Hopecore, Half-Formed Ideas, and Making Things That Might Not Work

On Secret Projects and Mild Delusion

At the moment, I have a couple of ideas quietly lurking in the background. 

They are not finished. They are, at best, concepts. The kind that feel excellent at 11pm and slightly suspicious the next morning.

I’m not talking about them yet - not because they’re especially groundbreaking, but because I’ve learned that saying things out loud too early turns them into obligations. And nothing kills a good idea faster than feeling like you now have to make it work.

For now, they’re just sitting there. Waiting to either become something or quietly fade into obscurity. We’ll just have to wait and see. Ooh, foreshadowing.


Hopecore (Unfortunately, It Works)

There’s a trend floating around called hopecore, which sounds chronically online but is essentially just choosing to be optimistic in a stubborn way, in the face of the way the world insists on being.

Which, slightly inconveniently, is exactly what you need when running a small handmade business. Because the reality is: things take time. Sales are inconsistent. Social media behaves unpredictably.

And yet, you keep going.

You make the next thing. You try the next idea. You assume that something might land. May as well - you’ve got nothing better to do. Or I don’t, at least. Maybe I should stick to the first person.


Making Things Without a Guarantee

Everything I currently sell started as a vague idea that seemed worth trying.

Handmade Kindle sleeves, handbound classic novels, printable typesets for bookbinding - none of them arrived fully formed.
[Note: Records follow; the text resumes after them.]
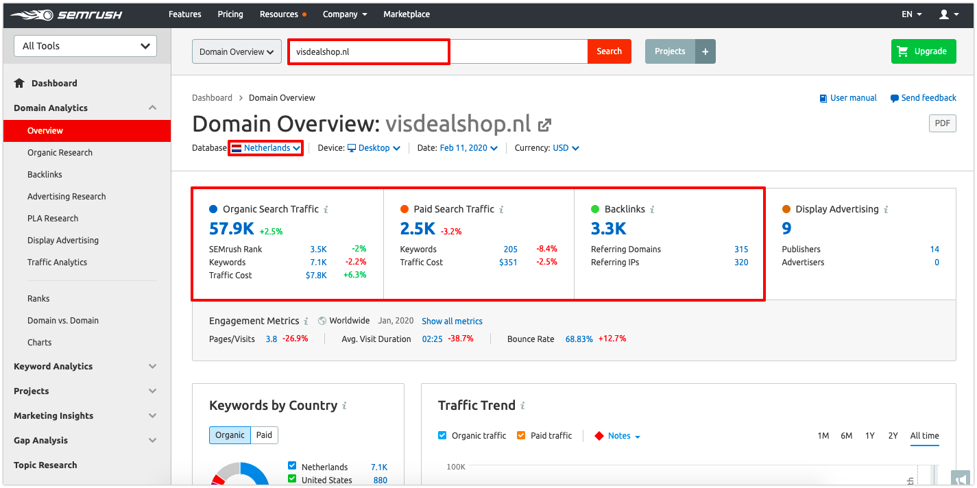 Zoals je ziet, toont het domeinoverzicht van SEMrush de volgende informatie: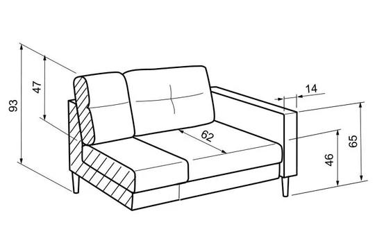 Konštrukcia pohovky je tvorená kombináciou masívneho dreva a drevotriesky. Pohovka je vyplnená kvalitnou PUR penou, ktorá má výborný odpor proti stlačeniu a vysokú tvarovú stálosť. Pružina typu faliste zvyšuje jej komfort a celkovo podporuje funkciu peny.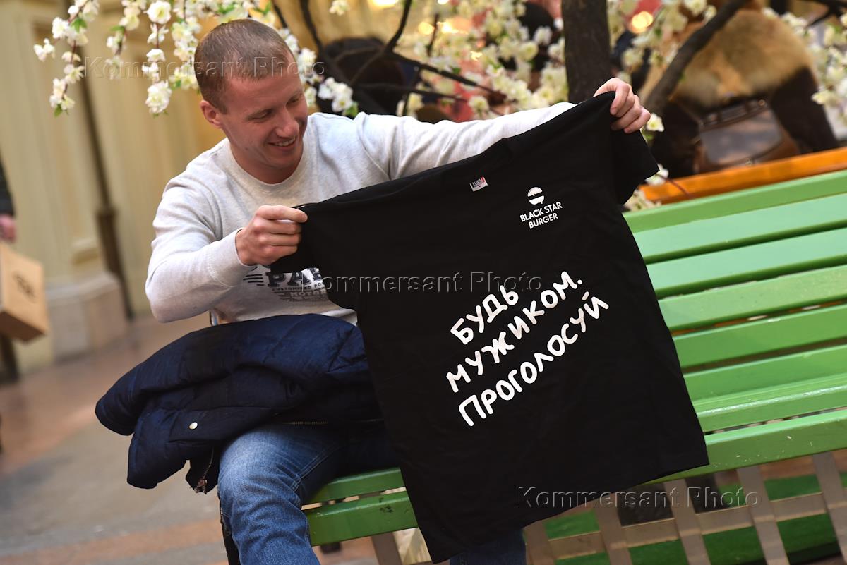 Жанровая фотография. Мужчина держит футболку с надписью "Будь мужиком. Проголосуй".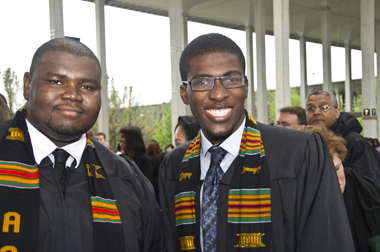 Emmanuel Adomfeh, right, celebrates Commencement 2011 on May 15 with Uzezi Obaro-Best, co-founder of Third World Impact. (Photo Mark Schmidt) |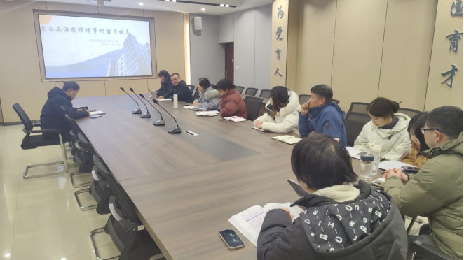 12月19日下午,外国语学院商务英语教研室在外语楼110会议室开展主题为“商务英语教师跨学科能力培养”的精品教研活动。信阳学院督导专家何杰英教授及全体商务英语教研室教师参加了本次教研活动。活动由教研室老师常美艳副教授主持。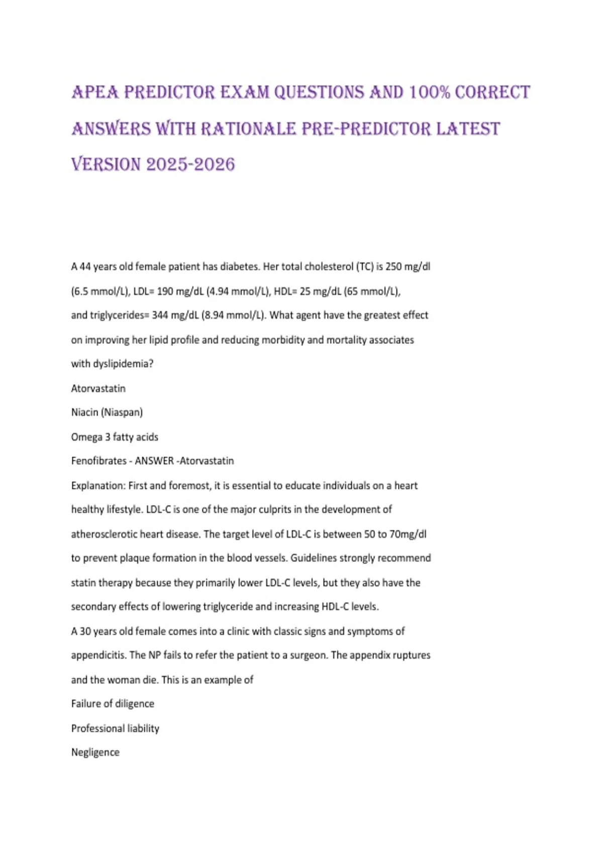 APEA Predictor Exam Questions and 100% Correct Answers with Rationale Pre-Predictor LATEST VERSION A 44 years old female patient has diabetes. Her total cholesterol (TC) is 250 mg/dl (6.5 mmol/L), LDL= 190 mg/dL (4.94 mmol/L), HDL= 25 mg/dL (65 mmol/L), and triglycerides= 344 mg/dL (8.94 mmol/L). What agent have the greatest effect on improving her lipid profile and reducing morbidity and mortality associates with dyslipidemia? Atorvastatin Niacin (Niaspan) Omega 3 fatty acids Fenofibrates - ANSWER -Atorvastatin Explanation: First and foremost, it is essential to educate individuals on a heart healthy lifestyle. LDL-C is one of the major culprits in the development of atherosclerotic heart disease. The target level of LDL-C is between 50 to 70mg/dl to prevent plaque formation in the blood vessels. Guidelines strongly recommend statin therapy because they primarily lower LDL-C levels, but they also have the secondary effects of lowering triglyceride and increasing HDL-C levels. A 30 years old female comes into a clinic with classic signs and symptoms of appendicitis. The NP fails to refer the patient to a surgeon. The appendix ruptures and the woman die. This is an example of Failure of diligence Professional liability Negligence Malpractice - ANSWER -Malpractice Explanation: malpractice, a negligence tort, occurs when a health care professional's actions fall bellow the appropriate standard of care and hurts the patient. In this case the patient came with sings and symptoms indicating appendicitis and the NP failed to refer the patient. A NP has recently been hired to work in a fast track facility. The NP employer asked if she has "a problem prescribing medications for emergency contraception." The NP replies affirmatively. This is: a. Grounds for dismissal An ethical dilemma for the NP Illegal according to the standards of nursing Patient abandonment. - ANSWER -An ethical dilemma for the NP Explanation: in this instance, the NP has a difference of opinion with her employer based on her religious or moral belief about providing emergency contraception. This situation is an example of an ethical dilemma. Failure to participate in the provision of care to the patient based on the NP's beliefs is neither against the law nor a violation of the standards of practice A patient presents with pruritic lesions on both knees. There are visible silver scales. How Should this condition be managed? . Topical antifungal cream or ointment Oral antibiotics Topical corticosteroids cream . Topical anti-fungal/ steroid cream - ANSWER -Topical corticosteroids cream Explanation: Psoriasis is characterized by erythematous papules, as well as itchy, red, precisely defined plaques with silvery scales. Auspitz sings is another common finding. Topical agents containing tar and salicylic acid may be used. Topical steroids, such as betamethasone, may also be ordered. Antidepressant discontinuation syndrome is less likely if the patient Is male Is less than 35 y/o Has taken an SSRI with a short half life Gradually tapers SSRI use - ANSWER -Gradually tapers SSRI use Explanation: Antidepressant discontinuation syndrome is most often seen in the primary care office in association with SSRI discontinuation, because SSRIs are the most commonly prescribed class of antidepressant medications. Interruption of treatment with an anti-depressant medication is sometimes associated with an antidepressant discontinuation syndrome; in early reports it was referred to as a "withdrawal reaction. Symptoms of antidepressant discontinuation syndrome can include flu-like symptoms, insomnia, nausea, imbalance, sensory disturbances, and hyperarousal. Tapering is recommended by experts. Patient with benign prostatic hyperplasia (BPH) should be taught to avoid which one of the following drug classes? . Alpha adrenergic antagonist Anti-androgen agents Tricyclic antidepressant (TCA) Sulfonamides - ANSWER -Tricyclic antidepressant (TCA) Explanation: tricyclic antidepressant should not be used by men with benign prostatic hyperplasia because of the increased risk of urinary retention secondary to the anticholigergic effects of TCAs. Which of the following is the best response to a woman who has just admitted she is a victim of spousal abuse? What was it that you did to make him angry? You must seek refuge immediately I am concerned about your safety I am going to call a shelter for you - ANSWER -I am concerned about your safety Explanation: The first step is to establish trust in the therapeutic relationship. without trust future collaboration, intervention and client outcome cannot be accomplished to facilitate appropriate and safe behavior. The experience of abuse is a traumatic psychological crisis that must be addressed as such. The healthcare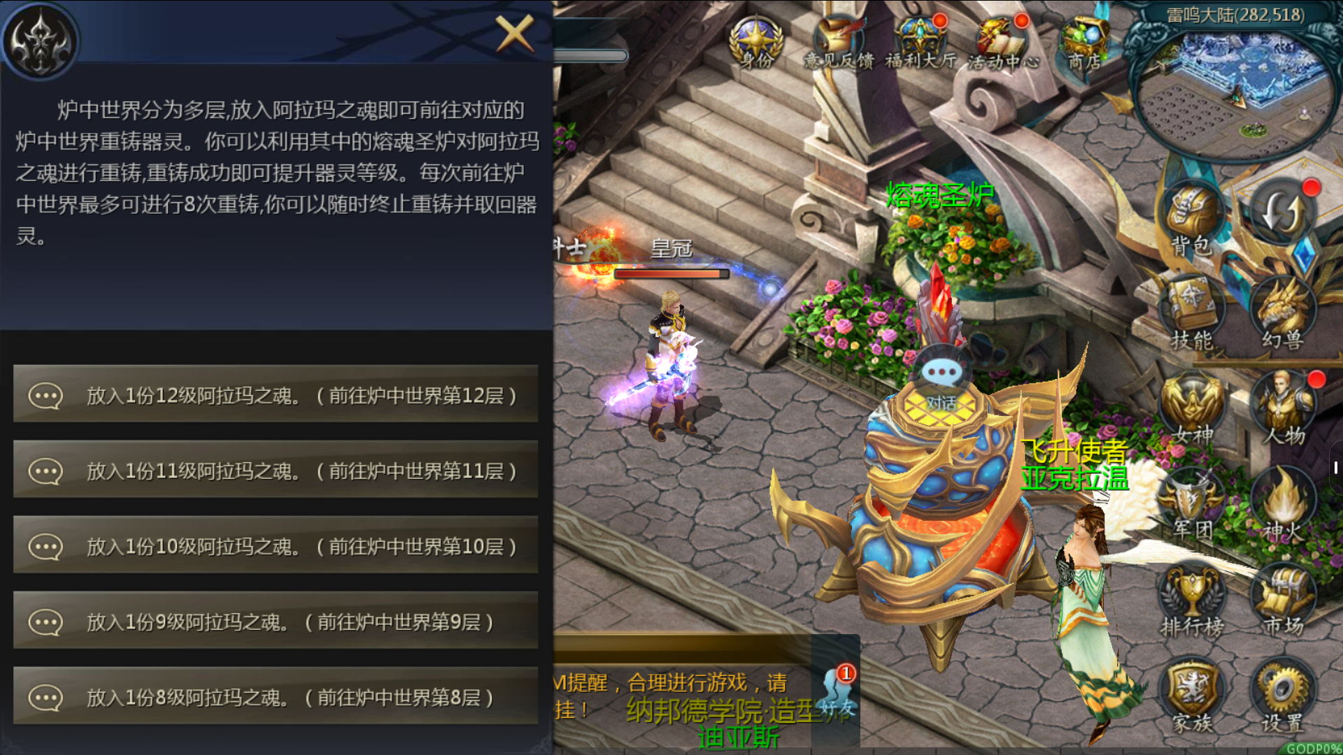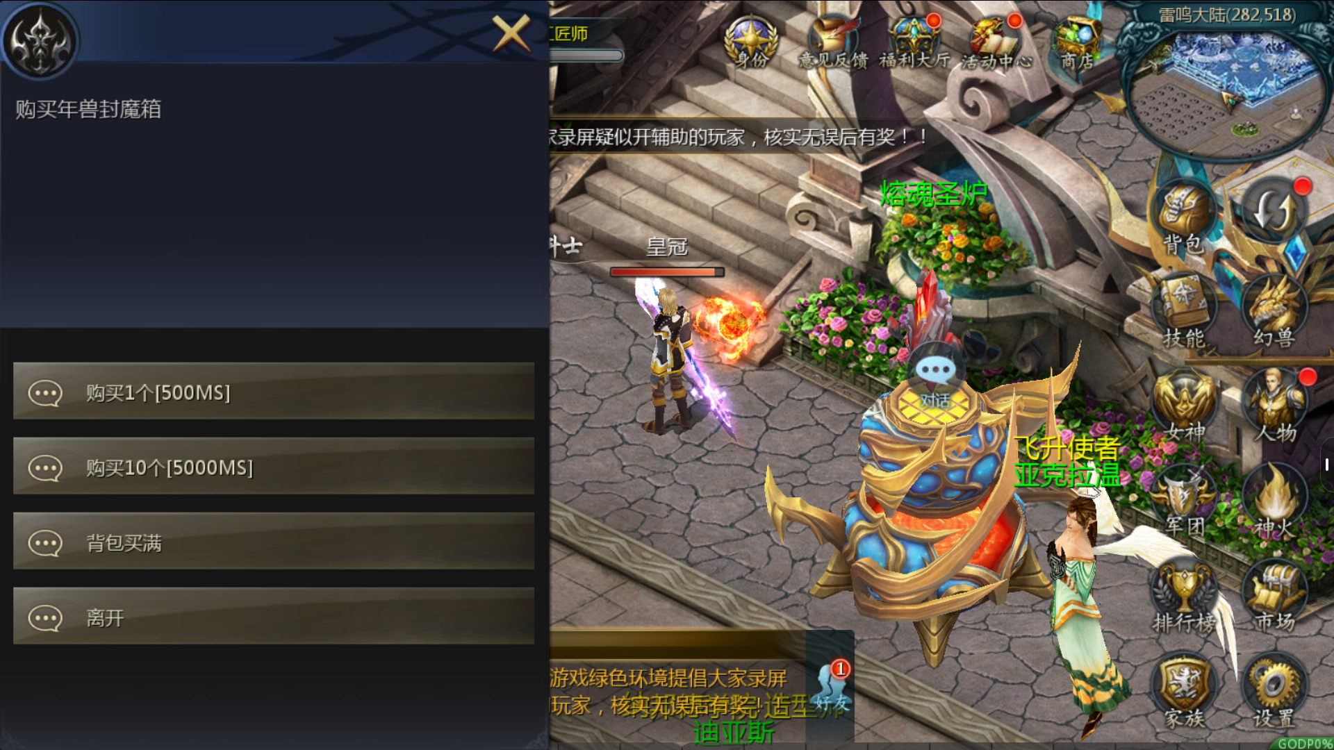 游戏介绍:土豪120级前(5个灵魂升一级)120级(一个灵魂王升一级)白嫖平民迷宫。 幻兽介绍:增值定制宝宝业务………魔石商城,金币商城自行挑选喜欢的宝宝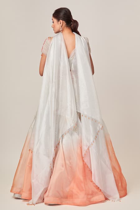 Grey Organza, Net, Silk Taffeta Elisa Dual Toned Embellished Lehenga Set

They were all experiments at some point.

Some worked. Most didn’t. (Please see: the shelves of failures housed in my dad’s office, as per the last blog post.)


That’s just how it goes - there isn’t really a moment where everything suddenly feels certain. You just keep making things and see what sticks. I’m not sure I have a point to what I’m saying here - this isn’t my best blog post, by any means. Ah well, we plough on.


Meanwhile, in Slightly More Concrete News

While the more mysterious ideas continue to hover in the background, I have been working on something slightly more tangible: a growing collection of new printable classic novel typesets for the bookbinding community.

Currently in progress:

  • Alice’s Adventures in Wonderland

  • Frankenstein

  • Grimms’ Fairy Tales

  • Dr Jekyll and Mr Hyde

  • Journey to the Centre of the Earth

  • The Jungle Book

  • Le Morte d’Arthur (in two volumes, but damn, it is long)

  • The Wind in the Willows

All carefully formatted as bookbinder-ready PDFs, so whilst some ideas remain theoretical, others are steadily becoming real.


Keeping It Slightly Fun

If everything becomes overly planned and optimised, it gets very dull very quickly.

I didn’t start making things to become exceptionally efficient at producing items. I started because I liked the process - sewing, folding, designing, figuring things out as I went.

Which is why I’m letting these newer ideas develop without too much pressure. If they work, great. If they don’t, at least they existed briefly and taught me something before disappearing.


Plans, but in a Relaxed Way

There are still plenty of things I want to make. More handbound books, more Kindle sleeve collections, more printable typesets for classic novels.

And then there are the other ideas. The ones I’m not quite ready to explain yet. They’re coming along. Slowly. Possibly. Ugh.


Final Thought Before I Go and Overthink Everything

Making plans - even vague, unrealistic ones - feels like a reasonable approach.

Not because everything will work. I know it won’t.

But because occasionally, something does.


And that’s usually enough to keep going.